Eddie rolls his eyes and smirks. It’s infectious and I smirk back.

“I know everybody’s phone number. I probably know yours if you live in the area. I’ve memorized the phone book.”

“Like Rain Man or something.”

“Who’s Rain Man?”

“I thought you were a genius.”

“I am, but I’m only five.”


Rain Man
is a movie about an autistic savant type. Smart, but senseless.”

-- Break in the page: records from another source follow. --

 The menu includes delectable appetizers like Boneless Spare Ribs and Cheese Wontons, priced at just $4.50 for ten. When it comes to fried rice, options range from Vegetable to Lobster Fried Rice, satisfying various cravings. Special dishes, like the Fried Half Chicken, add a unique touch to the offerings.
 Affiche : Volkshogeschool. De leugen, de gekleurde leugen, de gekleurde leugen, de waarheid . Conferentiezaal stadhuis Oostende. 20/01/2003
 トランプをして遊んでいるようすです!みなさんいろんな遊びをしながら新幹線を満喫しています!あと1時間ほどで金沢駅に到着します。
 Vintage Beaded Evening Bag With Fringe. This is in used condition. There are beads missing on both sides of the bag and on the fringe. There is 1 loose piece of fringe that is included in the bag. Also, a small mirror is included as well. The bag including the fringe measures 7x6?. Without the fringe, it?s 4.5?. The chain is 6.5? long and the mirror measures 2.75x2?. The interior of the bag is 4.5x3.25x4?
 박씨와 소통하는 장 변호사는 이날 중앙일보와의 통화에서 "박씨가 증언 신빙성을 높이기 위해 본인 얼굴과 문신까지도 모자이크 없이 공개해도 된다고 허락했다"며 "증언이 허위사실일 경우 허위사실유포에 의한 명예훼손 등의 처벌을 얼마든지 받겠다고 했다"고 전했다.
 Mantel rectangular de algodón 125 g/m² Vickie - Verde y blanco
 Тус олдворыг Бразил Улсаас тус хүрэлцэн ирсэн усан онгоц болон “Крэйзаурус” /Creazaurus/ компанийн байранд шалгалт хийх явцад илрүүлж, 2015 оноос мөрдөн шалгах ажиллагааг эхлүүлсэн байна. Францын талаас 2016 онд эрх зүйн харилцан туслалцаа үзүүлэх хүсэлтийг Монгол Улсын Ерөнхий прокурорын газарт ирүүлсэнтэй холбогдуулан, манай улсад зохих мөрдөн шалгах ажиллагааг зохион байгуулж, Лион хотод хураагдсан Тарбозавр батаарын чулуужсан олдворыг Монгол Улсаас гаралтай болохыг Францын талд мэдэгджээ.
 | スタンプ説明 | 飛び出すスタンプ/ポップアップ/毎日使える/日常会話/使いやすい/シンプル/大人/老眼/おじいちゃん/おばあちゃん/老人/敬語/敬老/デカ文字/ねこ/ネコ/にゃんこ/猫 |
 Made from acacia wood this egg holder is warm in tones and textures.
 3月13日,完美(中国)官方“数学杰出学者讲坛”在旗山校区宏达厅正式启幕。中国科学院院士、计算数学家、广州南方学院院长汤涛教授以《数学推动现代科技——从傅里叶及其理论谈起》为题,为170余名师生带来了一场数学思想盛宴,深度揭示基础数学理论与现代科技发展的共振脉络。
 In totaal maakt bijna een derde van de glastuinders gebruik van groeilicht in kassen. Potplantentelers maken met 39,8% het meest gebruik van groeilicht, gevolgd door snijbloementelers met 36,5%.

“Right, a movie.” Eddie stares at the roof and mumbles incoherently. After a few seconds he stops and readdresses my eyes in the rearview. “
Rain Man
, theatrical release: December 16, 1988. Filmed on location in Cincinnati, Ohio; Oklahoma City, Hinto, El Reno, Guthrie, and Cogar, Oklahoma; Las Vegas, Nevada; Chicago, Illinois; Los Angeles, California; and Southgate, Kentucky. Estimated budget: twenty-five million. Starring Tom Cruise and Dustin Hoffman. Directed by Barry Levinson. Screenplay by Ronald Bass. Richard Price, David Rayfiel and Kurt Luedtke were uncredited authors on the screenplay. Martin Brest was originally to direct, but he resigned over creative differences. Barry Levinson took over and shot the film in nine weeks. Began shooting May 2, 1988; completed shooting July 28, 1988.
MPAA Rating
:
R
,
Running Time
:
two hours and nineteen minutes.
Shown in competition at the 1989 Berlin Film Festival, February 19–20 and the 1989 Panorama of World Cinema in Sofia, Bulgaria, November 20–30. The film won four Academy Awards: Best Actor, Best Director, Best Picture, Best Writing-Original Screenplay. Won four additional Academy Award nominations for Best Art Direction-Set Decoration, Best Cinematography, Best Film Editing, Best Music-Original Score.”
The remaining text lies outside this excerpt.